The storms brought out different animal movements not normally associated with my being on foot. Lone coyotes snuck oddly close by, the cows hung underneath a juniper canopy of their own, and deer huddled close together. But the elk, they acted the same, indifferent to the dampness. Two enormous cells split the sky. Up on the plateau I could see a mega-thunderhead darkening the mountains to the south. To the immediate northwest, and the direction I needed to go, curtains of rain hung. I popped my shelter up not only to wait out the impending rain but to dry off what precipitation had lingered from last night. If the rain hit I had shelter. If the rain didn’t, I had a dry shelter. Either way, I felt secure. But above me an emptiness appeared, a vacuum of sorts splitting the cells into a vee. I sat on a flat yet sharp piece of dolomite, elbows on my knees and my hands on my chin, waiting. A large beetle shaped like the old racist syrup bottles wandered between my shoes. I observed the beetle pick over whatever laid in its path—-sprigs of grass and sage, fragments of paintbrush, specks of bark, and speckles of endless red dirt. I looked closer at the 6 oddly shaped legs. The legs splintered at 90 degrees and appeared stiffly floppy. Yet the beetle climbed over whatever it came upon. Diligently the beetle scoured the tiny plot it meandered in. Suddenly, tiny clumps of dirt flung out from under a tiny patch of grass near the weaving path. From underneath a grassy roof, another beetle, a tad smaller than the other one, burrowed under the clump of grass. I thought maybe this beetle sought coverage from looming rain, like I was witnessing a behavior, that even all animals and insect have some sort of emotion, like fear, during certain climatic events. I mean, that’s what I was doing. The larger beetle clambered on whiling away its picking and I wondered if that beetle could hear, or sense, or whatever of the other beetle. Not even one inclination for me to consider these beetles had any one type of emotional intuition. The one digging backed out of its hole and continued on, clearly unaffected by the incoming weather. Both beetles passed each other like ships in the night except without any longing for connection. 

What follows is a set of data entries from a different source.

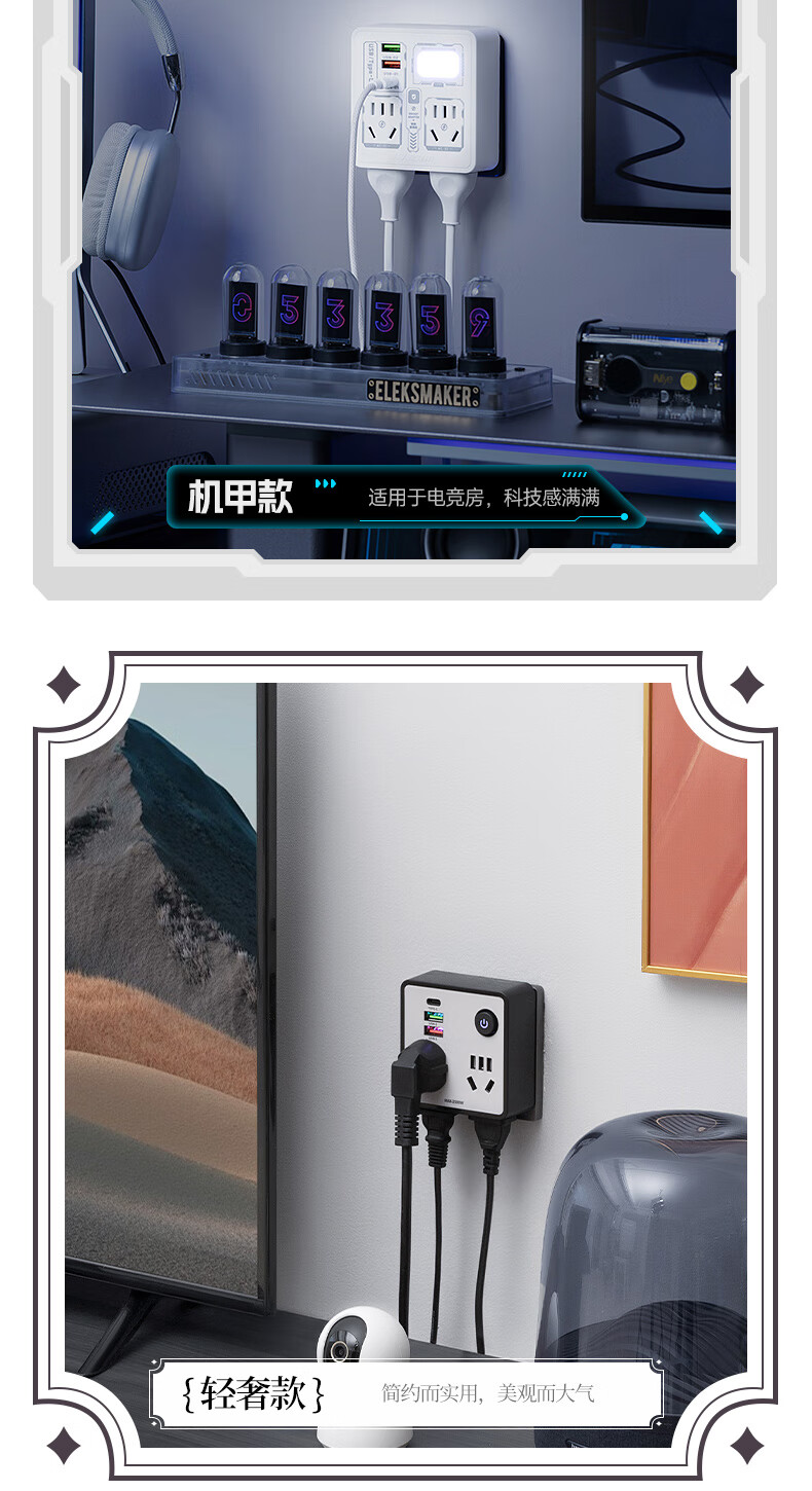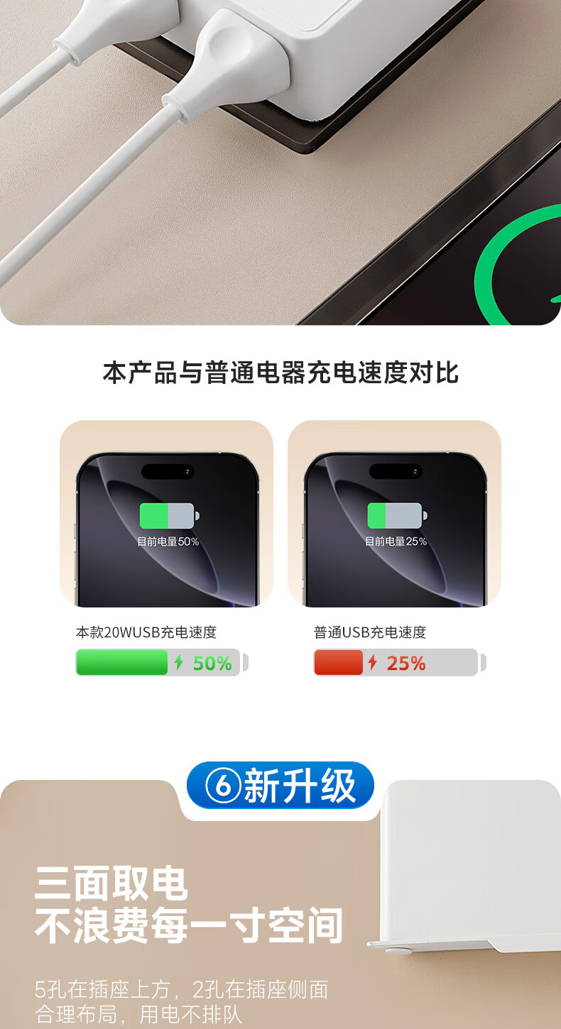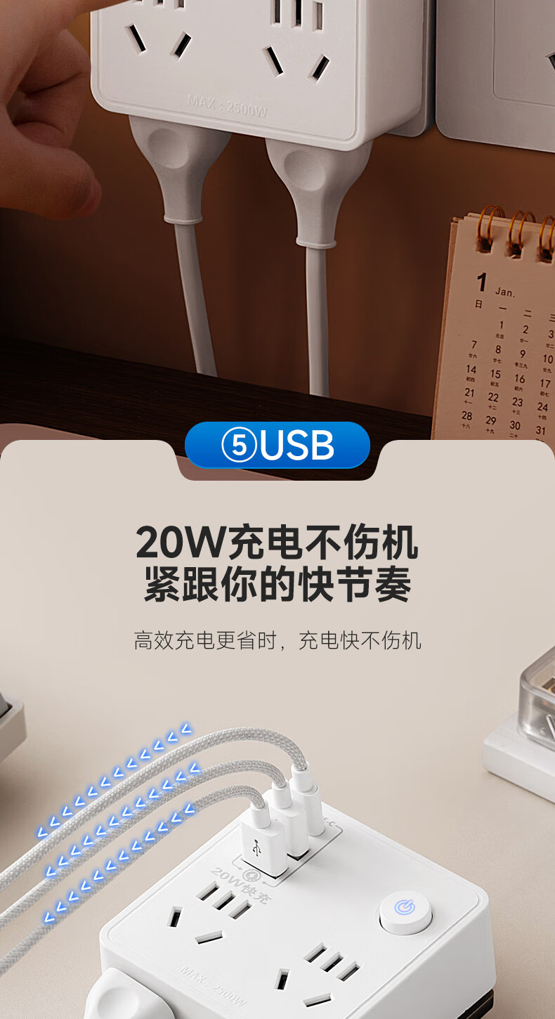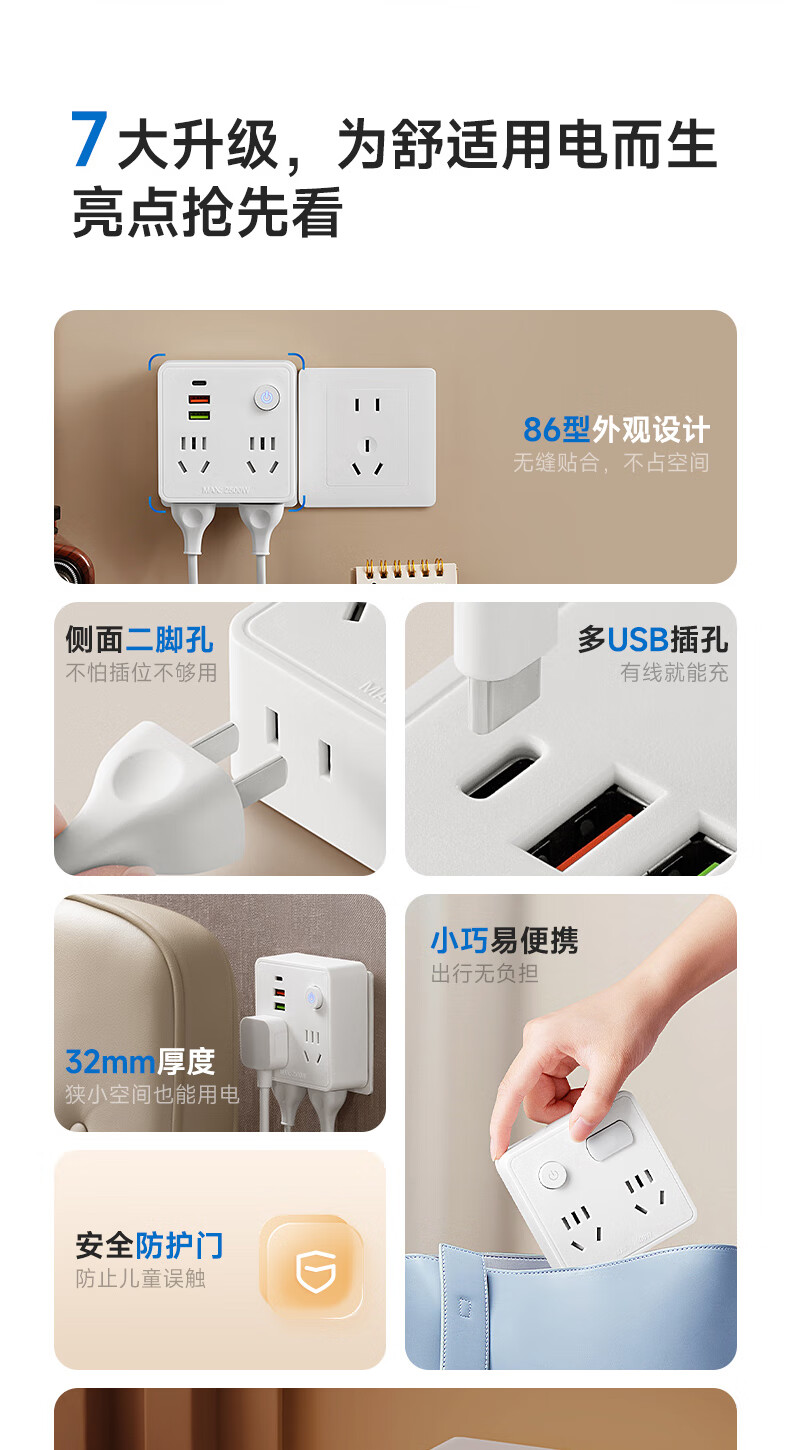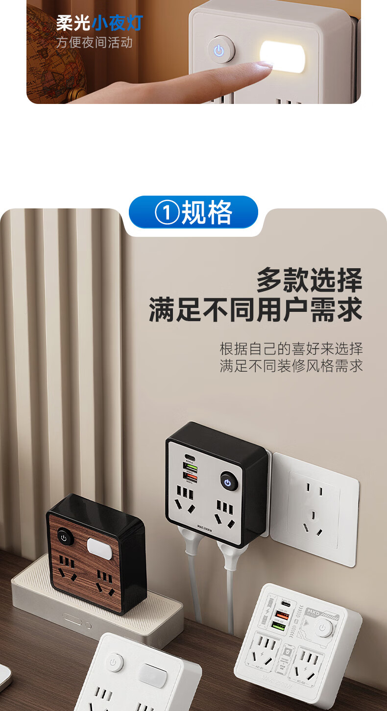 公正午纯铜插座转换器86型扩展器插头带快充USB夜灯宿舍家用办公插线板一转多位多插孔插板多功能接线板 白色时尚:一转六18孔 【纯铜+防雷】
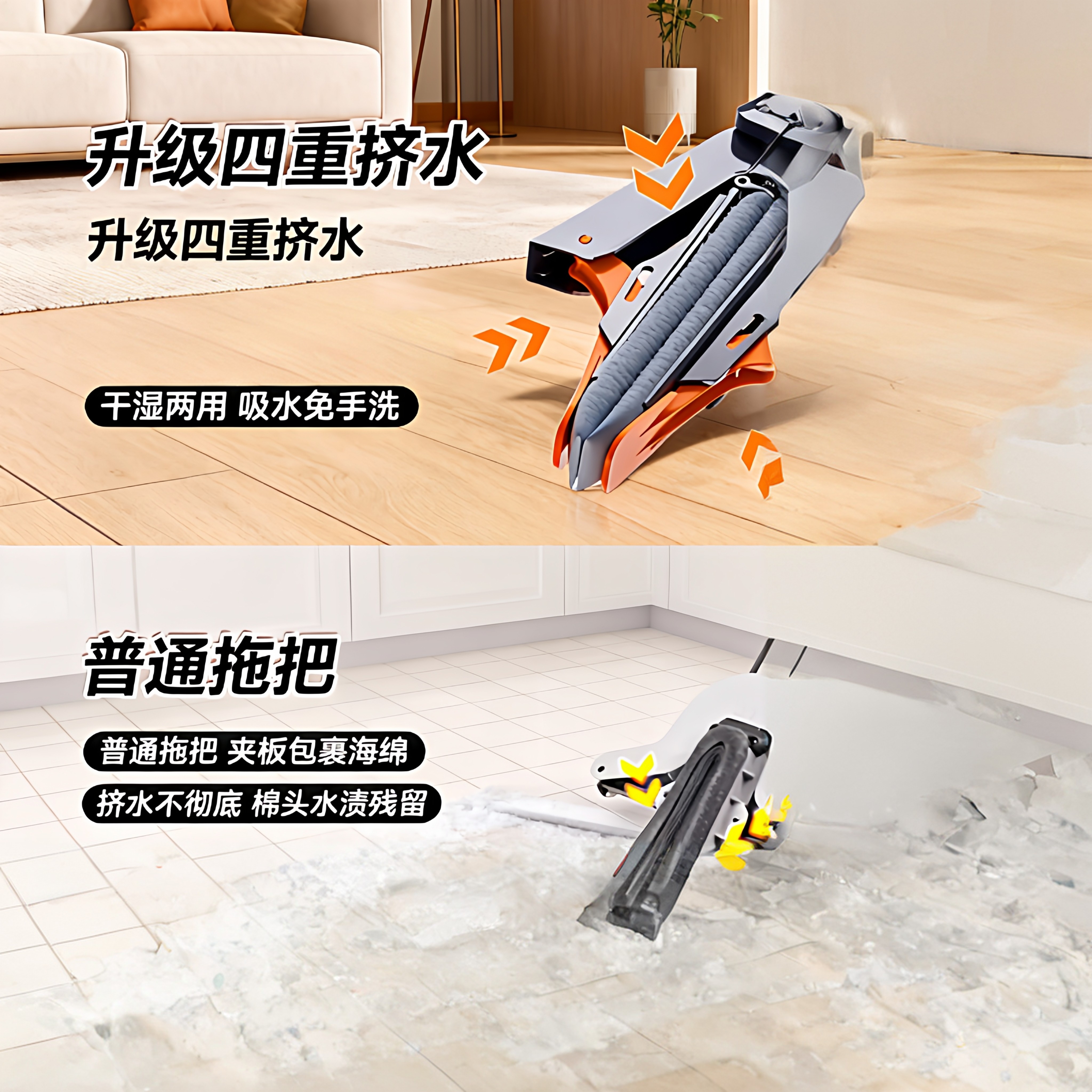 📚 海绵拖把2026新款免手洗家用一拖净干湿两用吸水免手洗胶棉头墩布
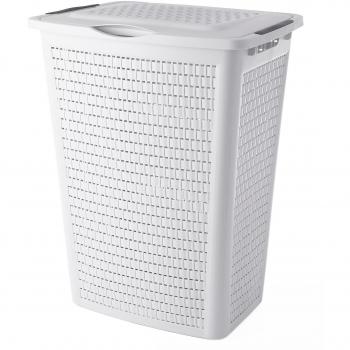 Coffre de Linge Blanc SUNDIS – 50 Litres, Aspect Rotin

I sprang up and rushed over to my tarp. I giggled a bit, out loud to myself, broke down my tarp, packed up, and hiked onward towards the oozing clouds stacked with a towering thunderhead. I topped out at a barren plateau and the sky, all around me, changed. I trudged on exhilarated with the morphing world around me. I passed under strung out power lines from metal towers. The electricity zapped the air loudly, sizzling because the rain drizzled onto the lines. Under these towers and power lines my pinky and ring finger, nestled under the corked handle, tingled every time each carbon fiber trekking pole tapped the damp ground. I felt the static jolt at every stride and I persistently indulged the more so by keeping my fingers on the pole longer at every jolt. I even stopped, right out under and in the middle, and felt the static current vibrate and tingle my fingers. Muscles in my forearm quivered as the current ran through my nerves. Nothing seemed certain to me at the moment, except my wonder, a wonder I hoped would never change.